How many lines below hold "gemeente"? Answer with only the number.

■ ■ ■ ■

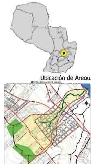
Microcuenca del Arroyo Areguá
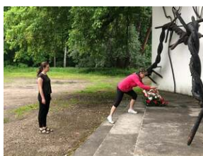
Filia dawnego obozu koncentracyjnego Auschwitz w Sławięcicach, fot. ZHR.
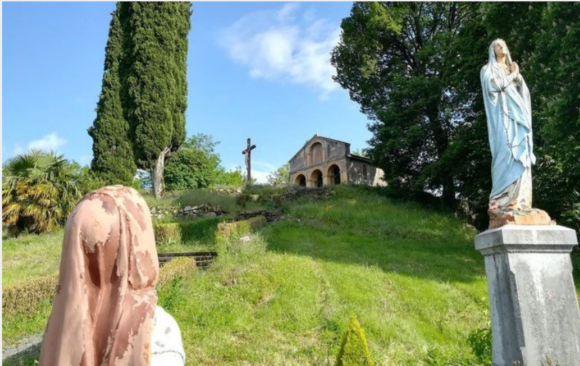
(CC Coeur & Coteaux Comminges)
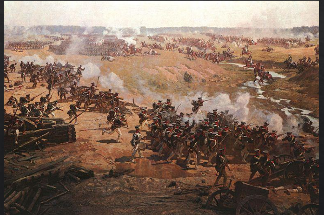
Фрагмент Бородинской панорамы
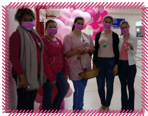
Hospital Estrela: Laços foram distribuídos aos colaboradores e o hospital foi adesivado em alusão à data
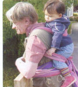
à la tibétaine
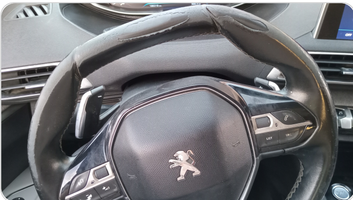
الطاره : متاكله
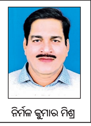
ନିର୍ମଳ କୁମାର ମିଶ୍ର

ରଶିଖ ଦତ୍ତ ସଲାନ: ଜାମ୍ମୁ ଓ କଶ୍ମୀରରୁ ଆସୁଥିବା ଏହି ୨୪ ବର୍ଷୀୟ ରଶିଖ ଦତ୍ତ ସଲାନ ଆଇପିଏଲ୍ ୨୦୨୪ରେ ଚମତ୍କାର ଥେପ୍ ବୋଲିଂ କରିଥିଲେ। ପୂର୍ବରୁ ମୁମ୍ବାଇ ପକ୍ଷରୁ ଆଇପିଏଲ୍ ଖେଳି ସାରିଥିଲେ ମଧ୍ୟ ଅଧିକ ସୁଯୋଗ ମିଳି ନ ଥିଲା। ଏପରିକି ଟୁର୍ନାମେଣ୍ଟ ଆରମ୍ଭରୁ ଦିଲ୍ଲୀ ସ୍ପିନିଂ କୁମାରଙ୍କୁ ସୁଯୋଗ ଦେଇଥିଲା। ତେବେ ଅଭିମ ୭ ମ୍ୟାଚ୍‌ରେ ରଶିଖଙ୍କୁ ଖେଳିବାର ସୁଯୋଗ ମିଳିଥିଲା। ଏଥିରେ ସେ ଚମତ୍କାର ଥେପ୍ ବୋଲିଂ ସହ ୯ ଉଇକେଟ ନେଇଥିଲେ। ବୁଲ୍‌ରାଟ ଓ ମୁମ୍ବାଇ ବିପକ୍ଷରେ ଗତି ଲେଖାଏ ଉଇକେଟ ମଧ୍ୟ ନେଇଥିଲେ।
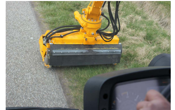
Vanuit de cabine een goed zicht op het werk.
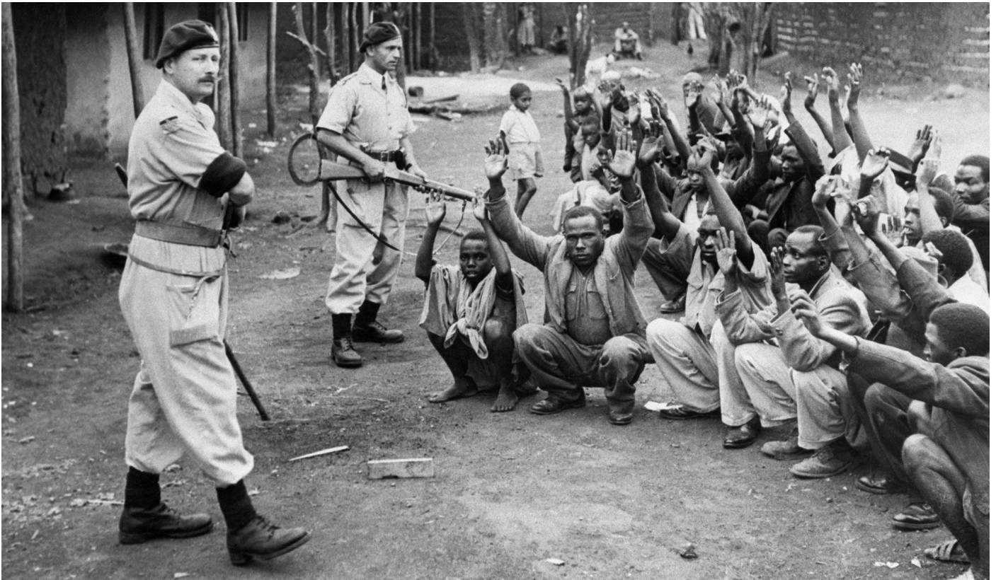
·1952-1960 bitartean iraun zuen "Mau Mau" matxinadan zehar keniatarrak gogor jazarri zituen Erresuma Batuak

E uskal Herriaren askatasunaren alde lerratzen garenon arteko eztabaida politikoetan, ugariak dira nazio auzia protagonista duten uneak eta hauetan, ohikoa da kolonialismoa edo kolonia bezalako terminoen agerpena. Baina zer da zehazki kolonia bat? Egokia al da Euskal Herria kolonia bat dela baieztatzea? Ikus dezagun.
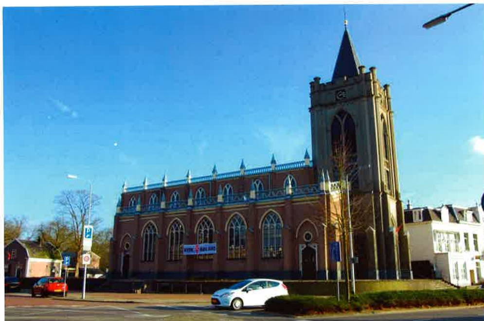
De Oude kerk (1843) van de hervormde gemeente te Zeist.

Verder zijn er tijdens de restauratie nog diverse vondsten uit de middeleeuwen gedaan. Ook de burgerlijke gemeente van Zeist verleende financiële steun aan deze restauratie.
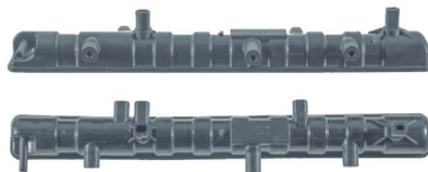
766 / Gol G5 Inferior Lado Retorno
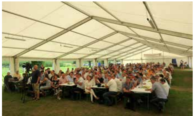
Zbrani na slovesnosti
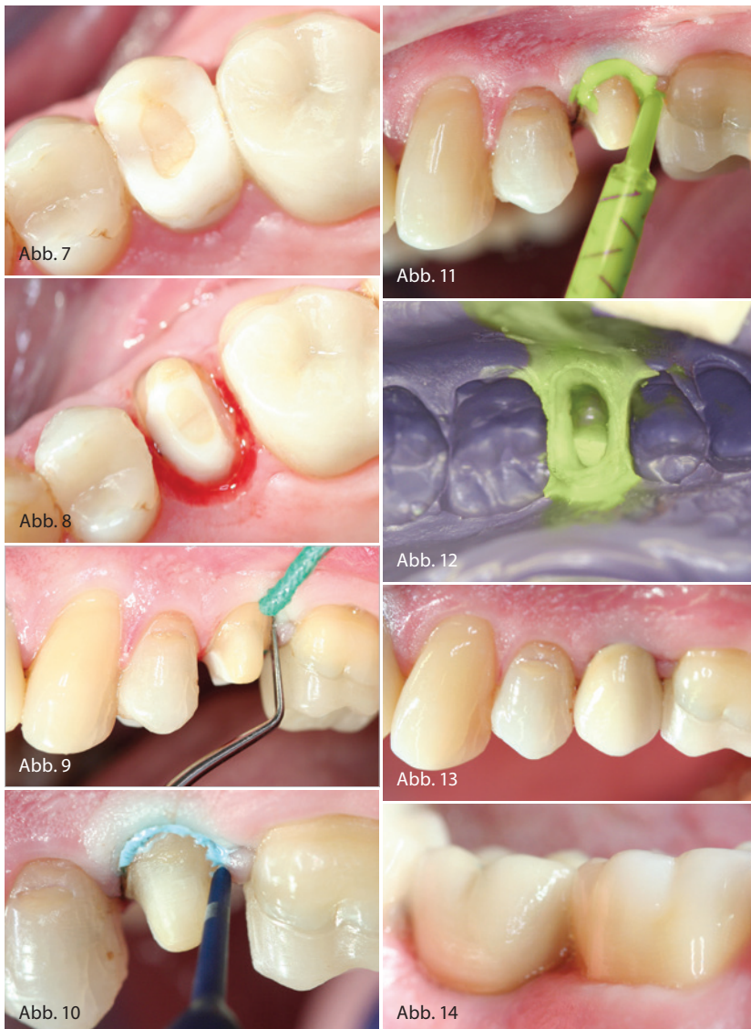
Abb. 7: Zahn 25 mit Aufbaufüllung. Abb. 8: Blutung aus dem Sulkus nach der Präparation. Abb. 9: Faden legen zur Sulkusöffnung an Zahn 25. Abb. 10: Applikation der Retraktionspaste (3M Adstringierende Retraktionspaste). Abb. 11: Handliche Applikation der Light Body Masse. Abb. 12: Präzisionsabformung mit Impregum Super Quick Polyether Abformmaterial. Abb. 13: Die definitive Restauration an Zahn 25. Abb. 14: Die definitive Restauration in Regio 37.

sprühen. Nach dieser sorgfältigen Vorbereitung ist die perfekte Abformung auch subgingivaler Präparationsränder zuverlässig möglich.
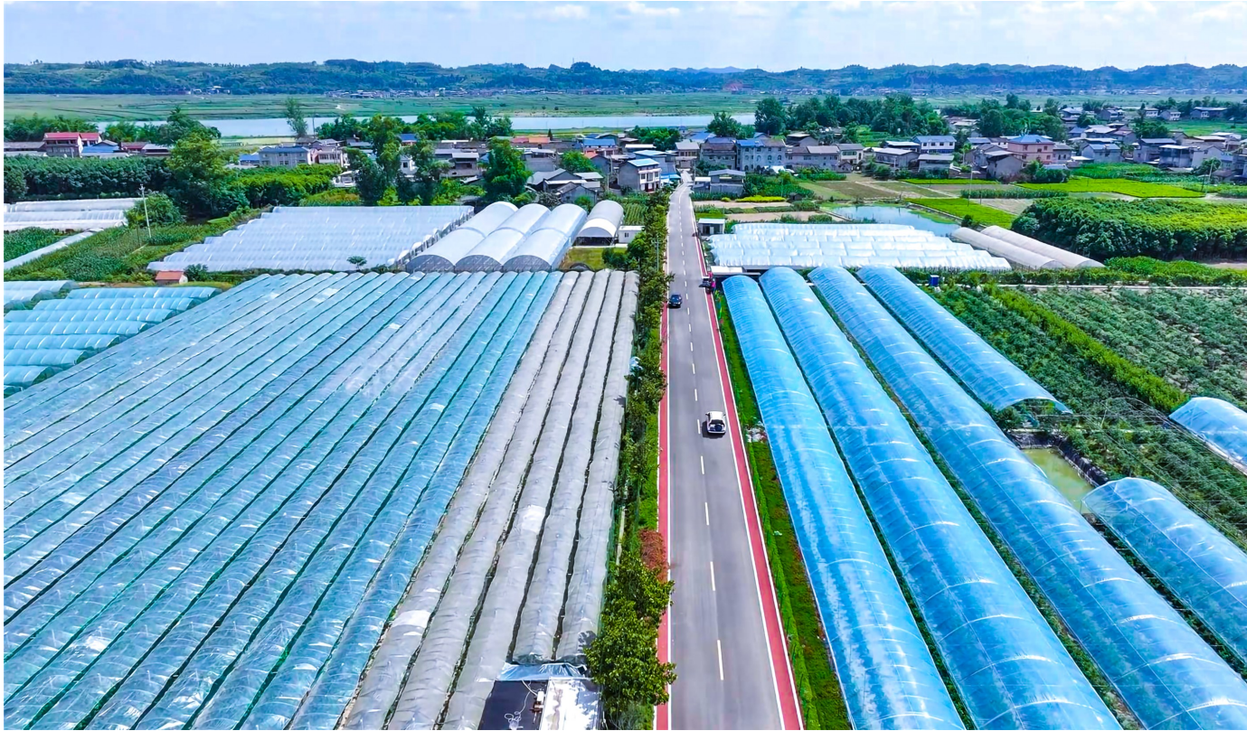
大佛坝的蔬菜基地。

“十四五”以来，大佛街道坚持以党建为统领，聚焦基层治理效能提升与集体经济发展壮大，通过一系列机制创新与实践探索，有效激发了乡村振兴的内生动力，取得了扎实成效。这些发展成效，写在党建引领下“三新”并举的创新实践中，写在治理优化、产业振兴的扎实答卷上，写在群众可感可及的幸福生活里。
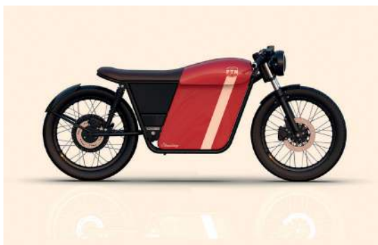
Figura 13: Renderizado CAD de la FTN Motion Streetdog
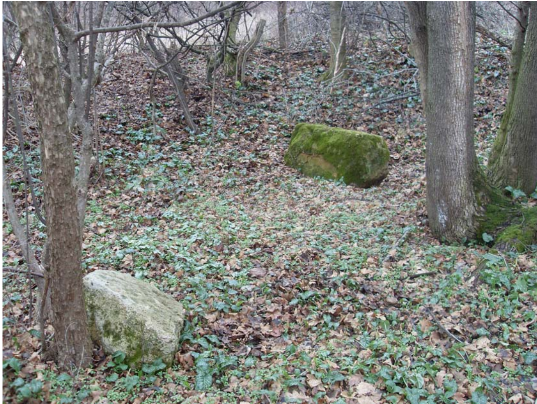
Црквина у Великој Плани
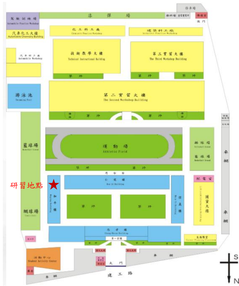
圖2 研習場地理位置圖
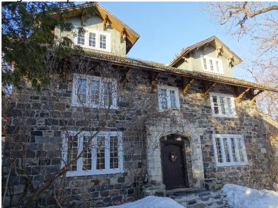
Front view of the Guérin residence in Mont-Saint-Hilaire
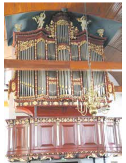
Hervormde kerk Numansdorp Restauratie en uitbreiding 2018

Vreeweg 49 8071 SJ Nunspeet Tel. 0341 25 24 84 www.hendriksen-reitsma.nl info@hendriksen-reitsma.nl
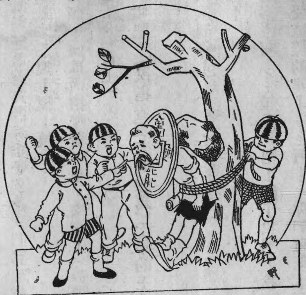
更夫被綁在樹上。一着大石頭。
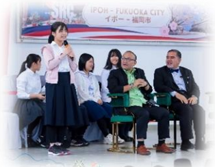
第26回福岡・イポー 青少年訪問団派遣事業
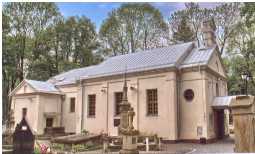
Kościół rektoralny pw. Wszystkich Świętych

Zapraszamy Państwa do spaceru alejami lubelskiej nekropoli zaczynając od bramy głównej przy ul. Lipowej przez część rzymskokatolicką, prawosławną, ewangelicką, a na wojskowo-komunalnej od ul. Białej kończąc. Życzymy miłego i spokojnego czasu w myśl łacińskiej maksymy NON OMNIS MORIAR - nie cały umrę.
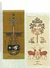
16. アートクリップ 各¥270
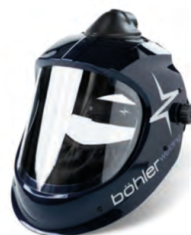
Big Vision Air
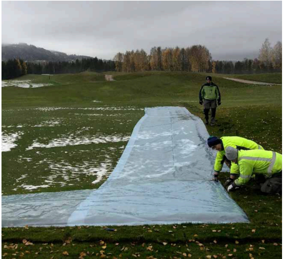
Kuva 5. Tärkeä valmistelu on muovisten kaulusten kaivaminen viheriön ulkopuolella oleville korkeammille reuna-alueille. Tässä tapauksessa voidaan harso ja läpäisemätön peite kiinnittää kauluksen alle, jotta sulamisvettä ei pääse tihkumaan peitteiden alle.

Jotkut kenttämestarit harjoittavat voimakasta dressausta vähän ennen peittämistä, mutta tälle ei ole selkeää syytä, koska viheriöillä on vähän liik-
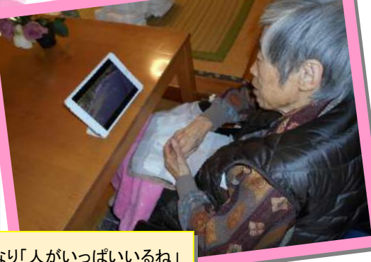
最先端の「リモート参拝」を体験していただきました。ライブ動画をご覧になり「人がいっぱいいるね」と驚かれた様子。「ところで、熱田神宮ってどこだっけ?」
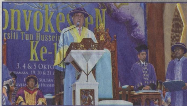
SULTAN Johor, Sultan Ibrahim Sultan Iskandar selaku Canselor Universiti Tun Hussein Onn Malaysia (UTHM) ketika beritiah merasmikan Majlis Konvokesyen UTHM di Batu Pahat, Johor, baru-baru ini.
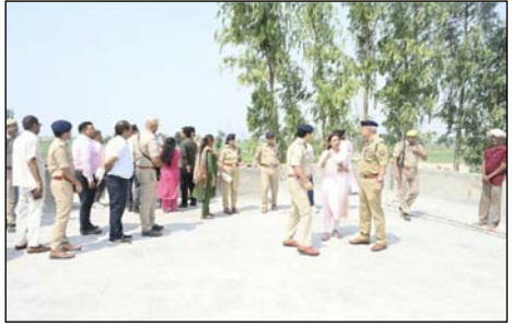
शाह टाइम्स संवाददाता भागपत। मंडलमंत्रियों के संघमित भ्रमण कार्यक्रम के दृष्टिकोण में मंडल आयुक्त मातु चंद्र गोस्वामी,

मंदिर परिसर व आसपास के क्षेत्रों में निरीक्षण के दौरान अधिकारियों ने संबंधितों को दिए सख्त निर्देश
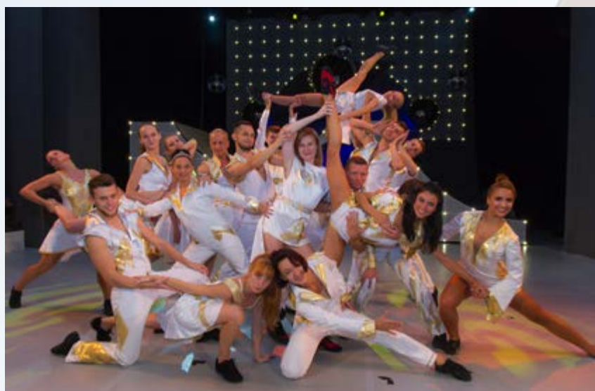
20 września – premiera widowiska „I have a dream” na deskach Gliwickiego Teatru Muzycznego
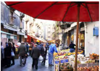
パレルモの市場の様子(イメージ)
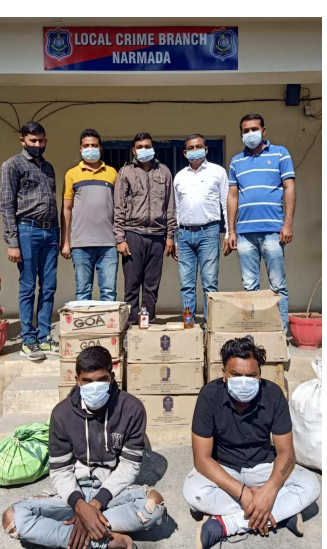
ગાડીની વોચના ઉભા હતા, તે દરમિયાન ખાતમીવાળી બલેનો ગાડી મોવી તરફથી આવતા તેને ઉભી રાખવાનો હાથથી ઈશારો

■ ■ ■ ■

**Task result**
2